(Records contained in a dataset)
###

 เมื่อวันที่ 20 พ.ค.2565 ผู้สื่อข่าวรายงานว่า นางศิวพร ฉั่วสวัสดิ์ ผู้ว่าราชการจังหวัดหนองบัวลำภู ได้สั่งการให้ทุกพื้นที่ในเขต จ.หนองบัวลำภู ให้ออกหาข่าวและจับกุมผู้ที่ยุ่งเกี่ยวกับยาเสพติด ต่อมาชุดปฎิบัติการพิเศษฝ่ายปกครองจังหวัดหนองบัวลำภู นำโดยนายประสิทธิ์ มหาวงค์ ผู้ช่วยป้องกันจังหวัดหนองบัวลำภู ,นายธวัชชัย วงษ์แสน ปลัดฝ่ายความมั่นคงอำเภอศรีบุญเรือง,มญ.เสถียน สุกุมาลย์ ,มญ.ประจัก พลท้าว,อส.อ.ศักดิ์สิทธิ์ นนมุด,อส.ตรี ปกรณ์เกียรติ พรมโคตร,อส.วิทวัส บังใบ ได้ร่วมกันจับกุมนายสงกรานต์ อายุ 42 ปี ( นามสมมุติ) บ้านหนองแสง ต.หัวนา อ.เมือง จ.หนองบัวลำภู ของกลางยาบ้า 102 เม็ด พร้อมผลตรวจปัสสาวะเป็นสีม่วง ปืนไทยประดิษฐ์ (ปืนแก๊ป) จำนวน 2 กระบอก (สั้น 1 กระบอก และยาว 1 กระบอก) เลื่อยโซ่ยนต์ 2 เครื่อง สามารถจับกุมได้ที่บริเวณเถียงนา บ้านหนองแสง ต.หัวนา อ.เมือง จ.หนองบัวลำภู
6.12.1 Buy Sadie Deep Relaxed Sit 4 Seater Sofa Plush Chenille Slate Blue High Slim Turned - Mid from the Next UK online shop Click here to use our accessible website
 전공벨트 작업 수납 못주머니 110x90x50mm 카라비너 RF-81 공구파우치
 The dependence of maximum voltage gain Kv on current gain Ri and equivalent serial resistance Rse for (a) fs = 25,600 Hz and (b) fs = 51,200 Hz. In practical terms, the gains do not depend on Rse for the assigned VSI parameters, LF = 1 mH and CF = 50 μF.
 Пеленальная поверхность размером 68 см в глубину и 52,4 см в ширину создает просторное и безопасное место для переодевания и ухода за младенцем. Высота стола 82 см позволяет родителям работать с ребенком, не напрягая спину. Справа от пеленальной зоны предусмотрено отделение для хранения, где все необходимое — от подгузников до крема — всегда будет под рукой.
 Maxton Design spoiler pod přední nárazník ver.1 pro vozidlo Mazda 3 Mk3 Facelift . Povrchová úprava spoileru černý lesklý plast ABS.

###

> _Exercise prompt_
Quote every line of the records above, from the first down to the one holding "The dependence of", exactly as written.

> _Task output_
 เมื่อวันที่ 20 พ.ค.2565 ผู้สื่อข่าวรายงานว่า นางศิวพร ฉั่วสวัสดิ์ ผู้ว่าราชการจังหวัดหนองบัวลำภู ได้สั่งการให้ทุกพื้นที่ในเขต จ.หนองบัวลำภู ให้ออกหาข่าวและจับกุมผู้ที่ยุ่งเกี่ยวกับยาเสพติด ต่อมาชุดปฎิบัติการพิเศษฝ่ายปกครองจังหวัดหนองบัวลำภู นำโดยนายประสิทธิ์ มหาวงค์ ผู้ช่วยป้องกันจังหวัดหนองบัวลำภู ,นายธวัชชัย วงษ์แสน ปลัดฝ่ายความมั่นคงอำเภอศรีบุญเรือง,มญ.เสถียน สุกุมาลย์ ,มญ.ประจัก พลท้าว,อส.อ.ศักดิ์สิทธิ์ นนมุด,อส.ตรี ปกรณ์เกียรติ พรมโคตร,อส.วิทวัส บังใบ ได้ร่วมกันจับกุมนายสงกรานต์ อายุ 42 ปี ( นามสมมุติ) บ้านหนองแสง ต.หัวนา อ.เมือง จ.หนองบัวลำภู ของกลางยาบ้า 102 เม็ด พร้อมผลตรวจปัสสาวะเป็นสีม่วง ปืนไทยประดิษฐ์ (ปืนแก๊ป) จำนวน 2 กระบอก (สั้น 1 กระบอก และยาว 1 กระบอก) เลื่อยโซ่ยนต์ 2 เครื่อง สามารถจับกุมได้ที่บริเวณเถียงนา บ้านหนองแสง ต.หัวนา อ.เมือง จ.หนองบัวลำภู
6.12.1 Buy Sadie Deep Relaxed Sit 4 Seater Sofa Plush Chenille Slate Blue High Slim Turned - Mid from the Next UK online shop Click here to use our accessible website
 전공벨트 작업 수납 못주머니 110x90x50mm 카라비너 RF-81 공구파우치
 The dependence of maximum voltage gain Kv on current gain Ri and equivalent serial resistance Rse for (a) fs = 25,600 Hz and (b) fs = 51,200 Hz. In practical terms, the gains do not depend on Rse for the assigned VSI parameters, LF = 1 mH and CF = 50 μF.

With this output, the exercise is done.